Feds backtrack on characterizing northern military spending as new
Department now says it switched from one type of accounting to another
Funding characterized by the federal government as a new investment into a network of northern military hubs is, in fact, not new money.
National Defence Minister Bill Blair was in Iqaluit last week to announce the federal government was investing $2.67 billion into a network of northern operational support hubs over 20 years and that the first of them would be in Iqaluit, Yellowknife and Inuvik, N.W.T.
It was a shift from what was announced last year, when the federal government — and its renewed defence policy — said $218 million would be invested into the network.
Asked by a reporter during the news conference last Thursday why the federal government was increasing the funding for the network ten-fold, Blair said the decision stemmed from conversations being had with northern partners, the Canadian Armed Forces, and with Canadians more broadly.

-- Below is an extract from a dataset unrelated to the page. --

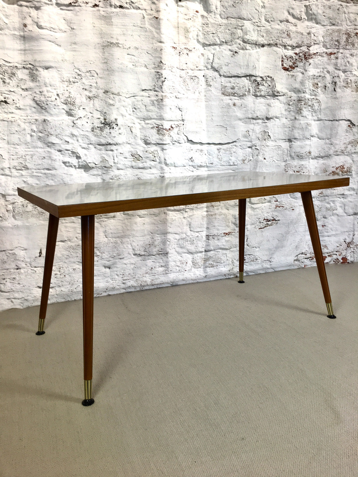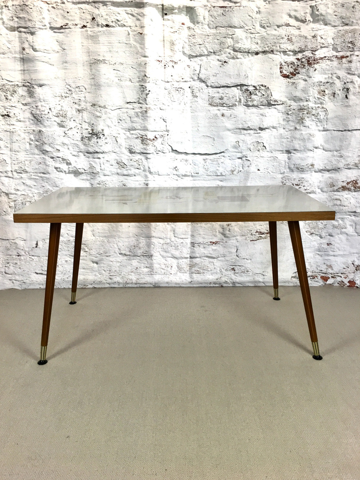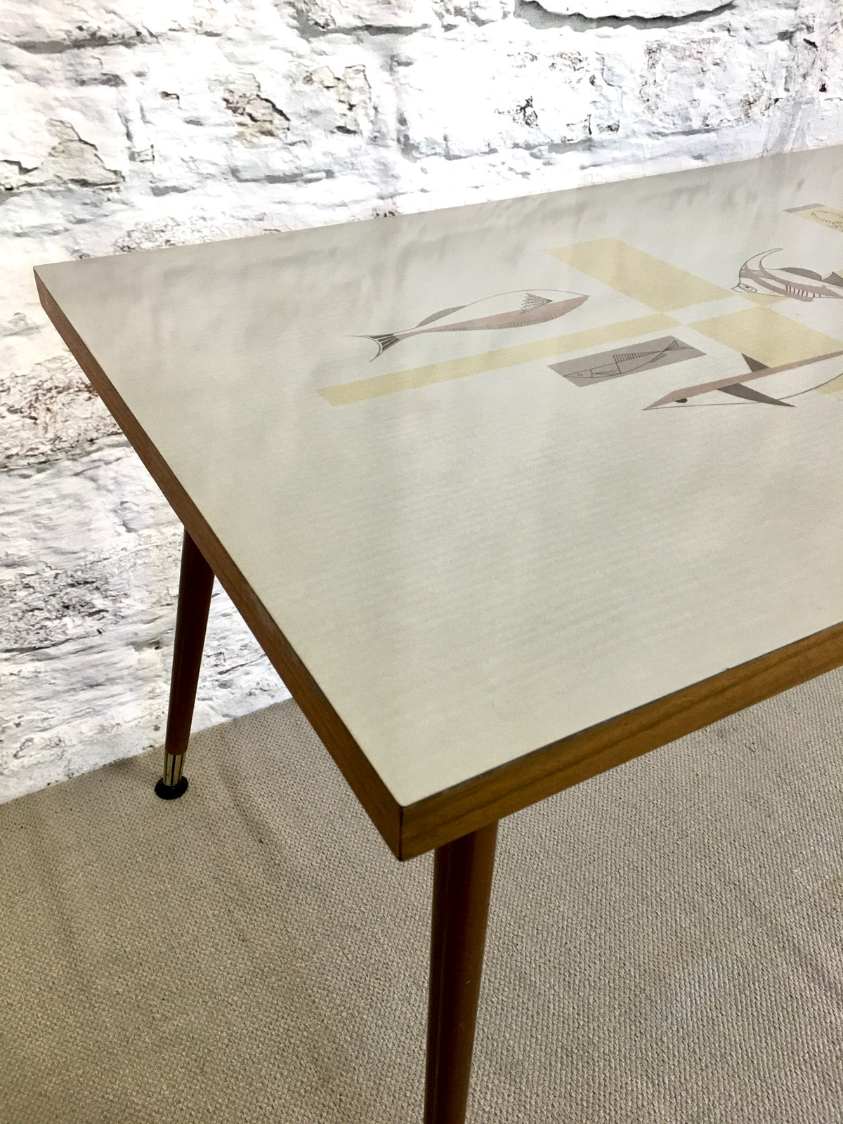 I discovered this light-footed coffee table from the 1950s near Bad Vöslau. When I picked it up, it elegantly splayed its legs and stretched out all four legs. At home, I re-glued the legs and the Formica top. The striking graphic design deserves special mention.

In an interview with Cabin Radio, Blair also characterized the money as a "substantially increased investment."
Blair did not say during the news conference — though a department spokesperson later did via email to CBC News — that the government had changed accounting methods it was using to talk about the hubs, but the $2.67 billion itself had always been budgeted.
Laurent de Casanove, a spokesperson for Blair, said the $2.67 billion figure "more accurately captures the broader financial commitment being made to strengthen Arctic infrastructure and operations."
Asked why the minister characterized the money as a new investment into defence, de Casanove said Blair had been "emphasizing the scale of investment being made in the North and the Arctic."
The nitty gritty
The accounting method changed from an accrual budget to a cash-basis budget.
A cash-basis budget reflects money that is planned to be spent.
An accrual budget, on the other hand, reflects expenses and revenues as they actually happen — not when they are paid for — and shows depreciation of assets over time. It's the accounting system the federal government has used since 2003, according to the Library of Parliament.
Asked whether the money announced on Thursday was new or not, Kened Sadiku, a spokesperson for the Department of National Defence, pointed to a cash-basis budget that shows the federal government had planned already last year to spend $2.67 billion on the network over 20 years.
It's not the same type of budget the department used to announce the hubs a year ago. Sadiku said the $218 million figure the department used in 2024 is from an accrual budget. The numbers are different because infrastructure the government wants to build is expected to last longer — and therefore will experience wear and tear over a longer time period — than the 20-year time frame.